J’ai appliqué mon coeur à connaître la sagesse, et à connaître la sottise et la folie; j’ai compris que cela aussi c’est la poursuite du vent.

Car avec beaucoup de sagesse on a beaucoup de chagrin, et celui qui augmente sa science augmente sa douleur.”

nous sommes certes dans un écrit sapientiel mais pas philosophique à la façon des Grecs la vraie Sagesse est l’obéissance aux commandements du “Créateur”, car la notion véritable de “science” n’existe pas encore, et le plan de la vie de l’Esprit, qui se situe comme nous le savons depuis Platon, Descartes et Spinoza dans l’effort de “comprendre, seulement comprendre”   est donc recouvert d’un voile d’inintelligibilité propre à la créature, ce qui rend possible obscurités et contradictions comme par exemple:

La lumière est douce, et il est agréable aux yeux de voir le soleil.
11.8
Si donc un homme vit beaucoup d’années, qu’il se réjouisse pendant toutes ces années, et qu’il pense aux jours de ténèbres qui seront nombreux; tout ce qui arrivera est vanité.
11.9
(12:1) Jeune homme, réjouis-toi dans ta jeunesse, livre ton coeur à la joie pendant les jours de ta jeunesse, marche dans les voies de ton coeur et selon les regards de tes yeux; mais sache que pour tout cela Dieu t’appellera en jugement.”

Mais si tout est vanité, jeunesse comme vieillesse, en quoi jeune homme comme vieillard “ayant vécu beaucoup d’années” doivent ils se réjouir ?

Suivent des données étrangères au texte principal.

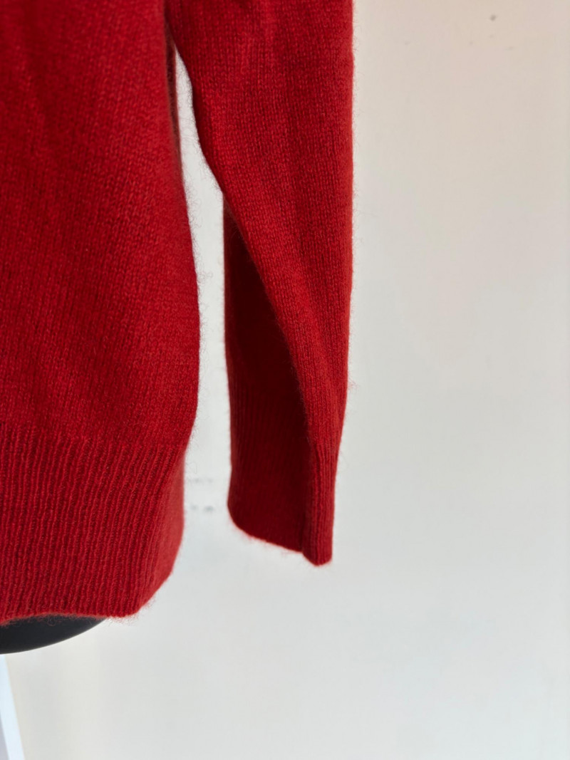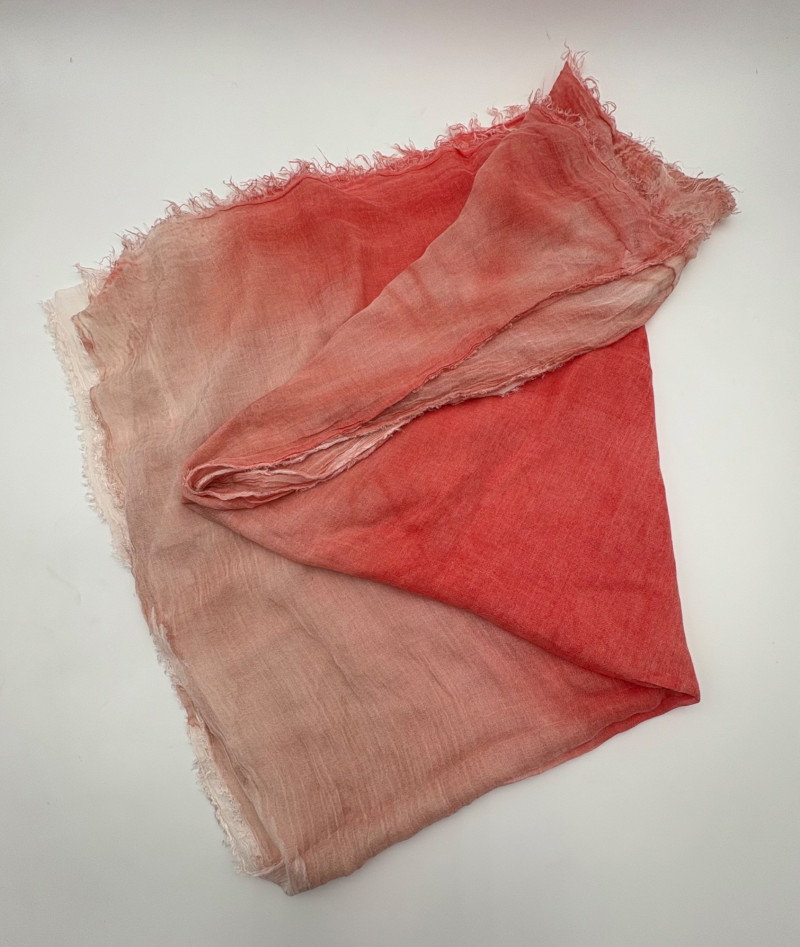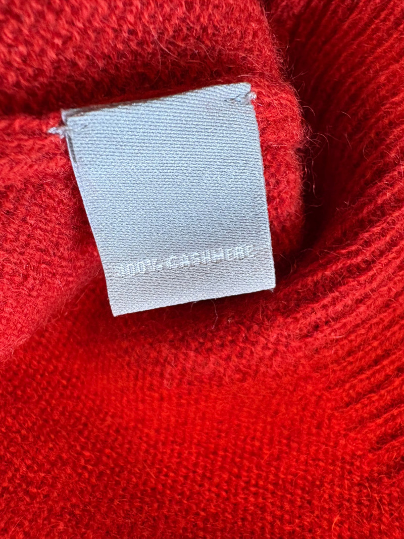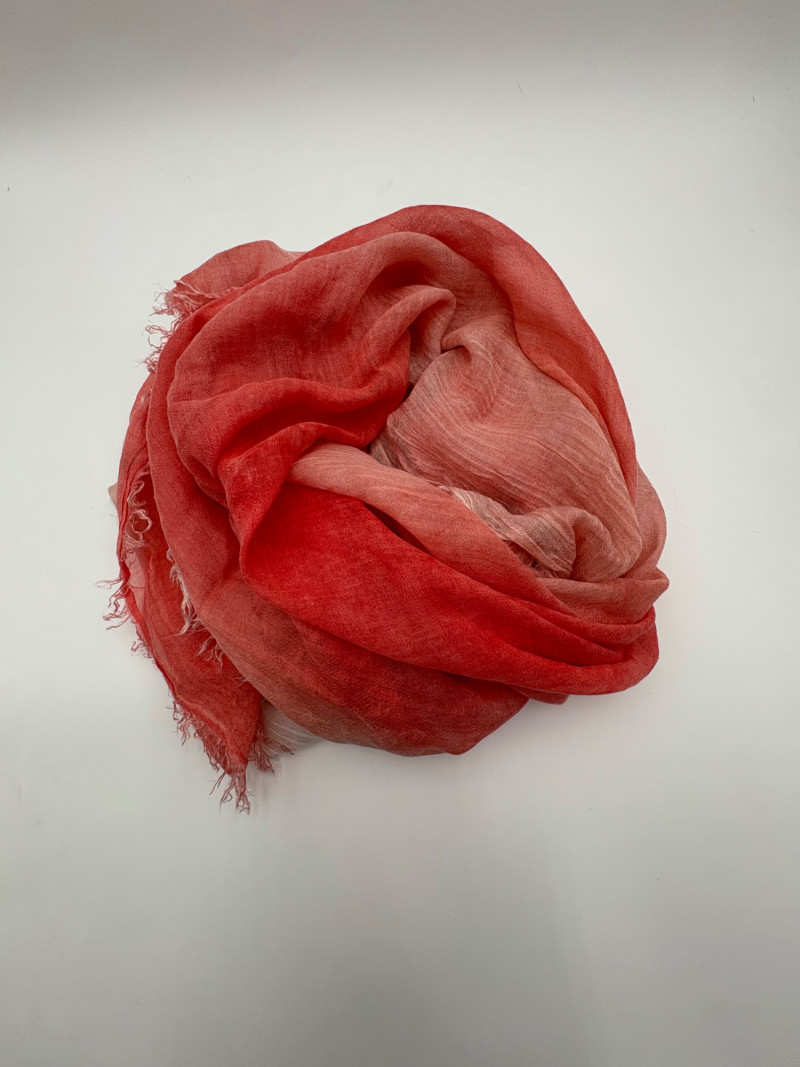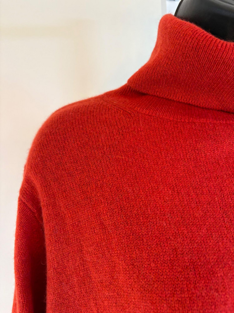 Wonderful, orange/red cashmere sweater from Neiman Marcus + scarf. New with tag. Super soft sweater has long sleeves, ribbed turtleneck, and ribbing at cuffs & bottom hem. 100% cashmere. Measures 24" pit to pit. Size tag says 2X. Paired with Eileen Fisher ombre scarf, which moves from cream to deep orange/puce. Measures approximately 78“ x 30“. No fabric tag, but appears to be hand-died in a natural fiber.
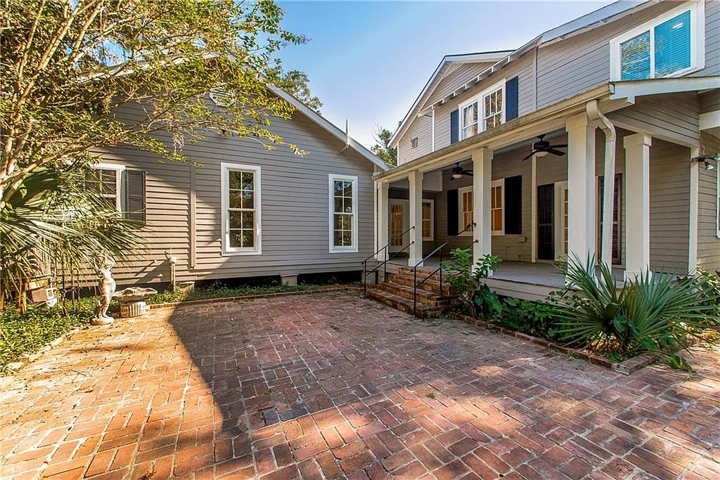 This front courtyard features a charming brick pathway leading to a spacious porch, creating an inviting entrance. Flanking the porch are two structures, one with classic white siding and symmetrical windows, adorned with black shutters. The porch, supported by sturdy white columns, is detailed with ceiling fans for ventilation. Lush greenery surrounds the area, with palm plants adding a tropical flair. Natural light bathes the space, emphasizing the warm tones of the brickwork. This combination of architectural elements and greenery creates a harmonious blend of comfort and elegance, perfect for enjoying the outdoors.
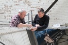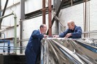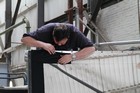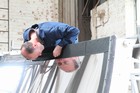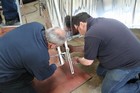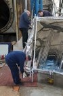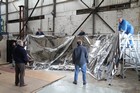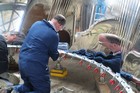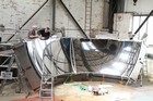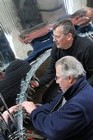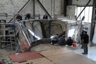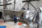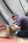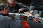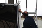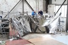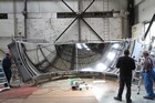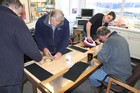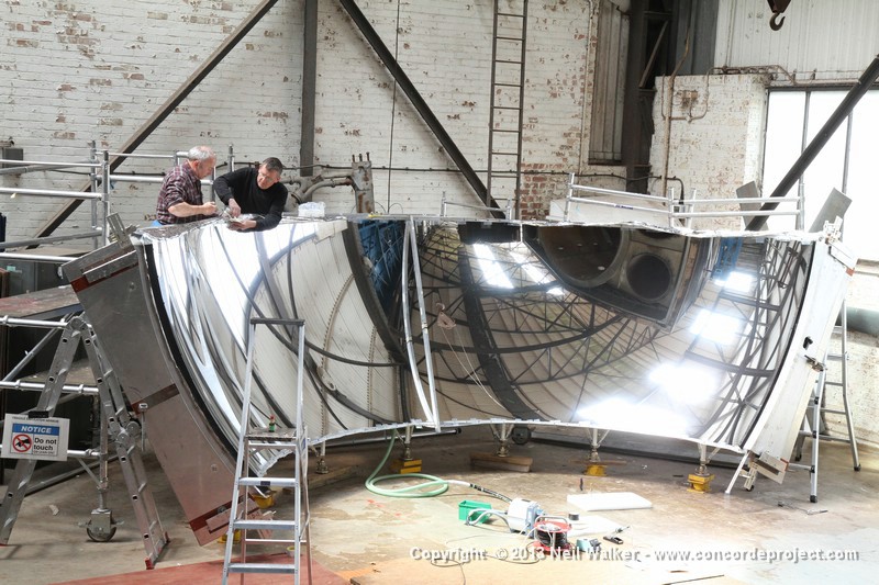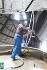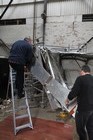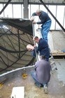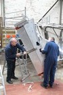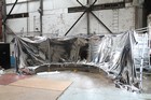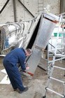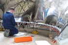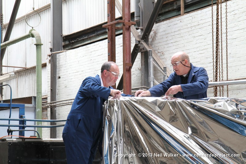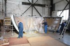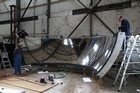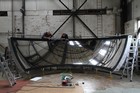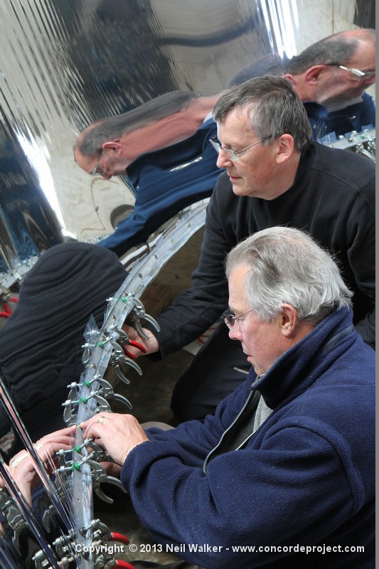 Volunteers from Thales, with help from museum volunteers, reskin the simulator mirror. This consists of a mylar film rather than glass.
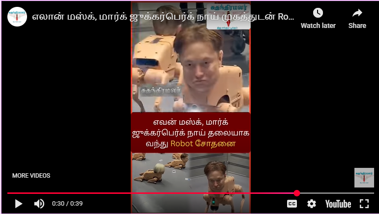 டெக் உலகை அதிரவைத்த சம்பவம்! எலான் மஸ்க் (Elon Musk) மற்றும் மார்க் ஜுக்கர்பெர்க் (Mark Zuckerberg) இருவரும் நாய் தலையுடன் (Dog Head) ரோபோட் (Robot) சோதனை. செயற்கை நுண்ணறிவு (AI) மற்றும் ரோபோட்டிக்ஸ் (Robotics) துறையில் அடுத்த கட்டம். Subscribe: Suthanthiramalar News Website: suthanthiramalar.com #எலான்மஸ்க் #மார்க்ஜுக்கர்பெர்க் #ரோபோட்சோதனை #டெக்நியூஸ் #செயற்கைநுண்ணறிவு #AI #Robot #ElonMusk #MarkZuckerberg #தொழில்நுட்பம் #சத்தியம்அலைமலர் #suthanthiramalarnews

en fait le terme important est ici le “jugement”, qui est réservé à Dieu, qu’il faut craindre plutôt que tenter de comprendre, comme aussi à la fin du chapitre 12 le dernier:

 (12:15) Écoutons la fin du discours: Crains Dieu et observe ses commandements. C’est là ce que doit faire tout homme.
12.14
(12:16) Car Dieu amènera toute oeuvre en jugement, au sujet de tout ce qui est caché, soit bien, soit mal.”

Comment pourrait il en être autrement puisque la notion de “Dieu créateur” n’est qu’un autre nom de l’ignorance ?

“Le monde a été créé par Dieu” signifie : “il est impossible de comprendre pourquoi le monde est là”

le projet d’intelligibilité occidentale encore partielle chez Descartes (qui reste chrétien et  fixe à la connaissance des limites à l’intérieur desquelles elle est totale) mais globale et universelle chez Spinoza )  n’existe pas encore.

mais à partir de Descartes le jugement (rationnel) devient prérogative humaine, et il devient chez  Brunschvicg le fondement de toute vie spirituelle comme de tout progrès du savoir.

le Dieu de Qohelet, “fils de David et roi de Jérusalem”, a cédé la place au Dieu des philosophes.